TO DO
Only the lines from the first line of the entries through the line with "Zumba Cocltail Party" belong in the answer, each restated word for word and without pictures.

(Records drawn from a dataset)
==========
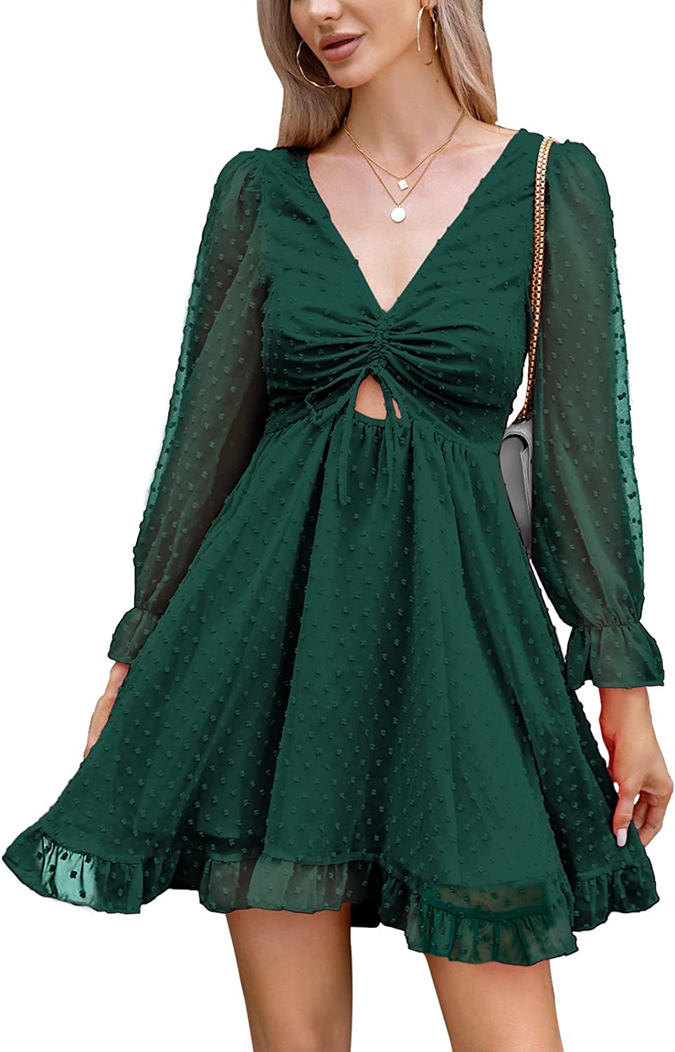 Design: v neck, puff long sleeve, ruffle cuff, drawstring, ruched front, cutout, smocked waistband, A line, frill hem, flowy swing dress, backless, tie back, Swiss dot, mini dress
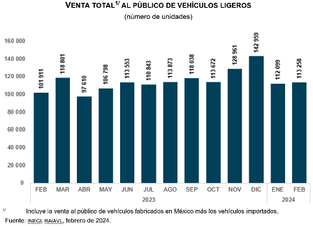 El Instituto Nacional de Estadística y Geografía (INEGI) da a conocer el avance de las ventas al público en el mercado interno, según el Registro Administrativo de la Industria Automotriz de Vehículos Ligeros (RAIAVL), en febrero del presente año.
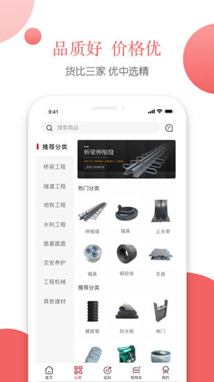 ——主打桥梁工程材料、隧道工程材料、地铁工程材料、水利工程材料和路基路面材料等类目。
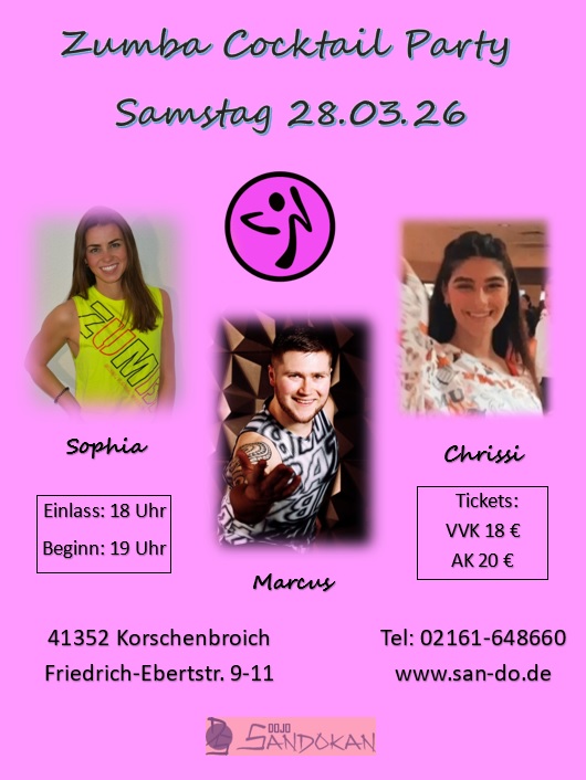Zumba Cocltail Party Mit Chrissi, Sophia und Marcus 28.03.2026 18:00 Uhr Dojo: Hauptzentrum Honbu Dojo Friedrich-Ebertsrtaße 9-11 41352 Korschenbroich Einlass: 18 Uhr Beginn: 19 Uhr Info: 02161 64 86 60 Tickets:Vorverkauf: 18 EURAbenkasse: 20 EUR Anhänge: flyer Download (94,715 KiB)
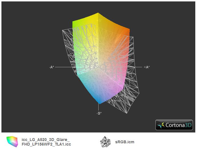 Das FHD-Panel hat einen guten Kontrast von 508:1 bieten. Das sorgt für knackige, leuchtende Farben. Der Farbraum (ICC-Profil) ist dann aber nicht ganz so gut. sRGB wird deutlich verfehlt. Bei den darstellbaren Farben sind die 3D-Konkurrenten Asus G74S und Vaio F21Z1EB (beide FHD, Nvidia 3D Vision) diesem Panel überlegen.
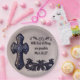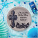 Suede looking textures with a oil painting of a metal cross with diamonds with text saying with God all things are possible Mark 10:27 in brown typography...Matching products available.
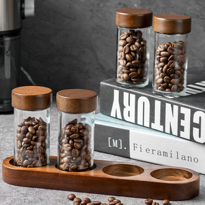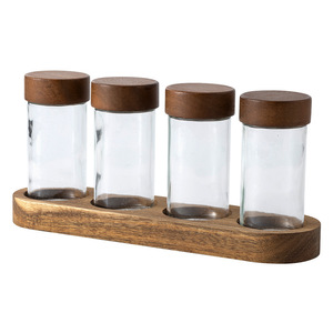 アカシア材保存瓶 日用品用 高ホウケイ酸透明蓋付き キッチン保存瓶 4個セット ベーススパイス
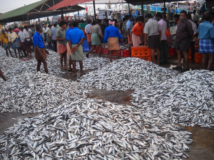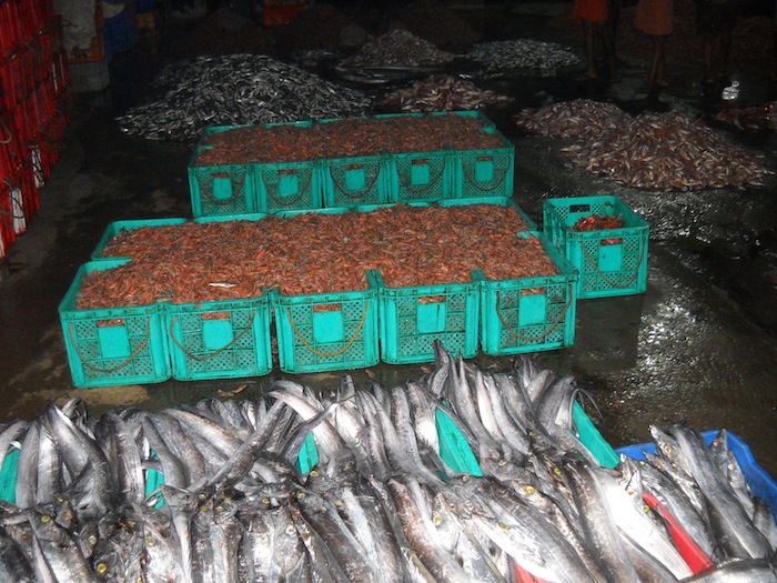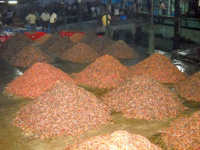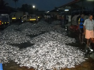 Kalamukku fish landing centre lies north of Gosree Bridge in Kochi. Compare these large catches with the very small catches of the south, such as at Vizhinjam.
==========
RESULT FOR THIS EXERCISE
 Design: v neck, puff long sleeve, ruffle cuff, drawstring, ruched front, cutout, smocked waistband, A line, frill hem, flowy swing dress, backless, tie back, Swiss dot, mini dress
 El Instituto Nacional de Estadística y Geografía (INEGI) da a conocer el avance de las ventas al público en el mercado interno, según el Registro Administrativo de la Industria Automotriz de Vehículos Ligeros (RAIAVL), en febrero del presente año.
 ——主打桥梁工程材料、隧道工程材料、地铁工程材料、水利工程材料和路基路面材料等类目。
Zumba Cocltail Party Mit Chrissi, Sophia und Marcus 28.03.2026 18:00 Uhr Dojo: Hauptzentrum Honbu Dojo Friedrich-Ebertsrtaße 9-11 41352 Korschenbroich Einlass: 18 Uhr Beginn: 19 Uhr Info: 02161 64 86 60 Tickets:Vorverkauf: 18 EURAbenkasse: 20 EUR Anhänge: flyer Download (94,715 KiB)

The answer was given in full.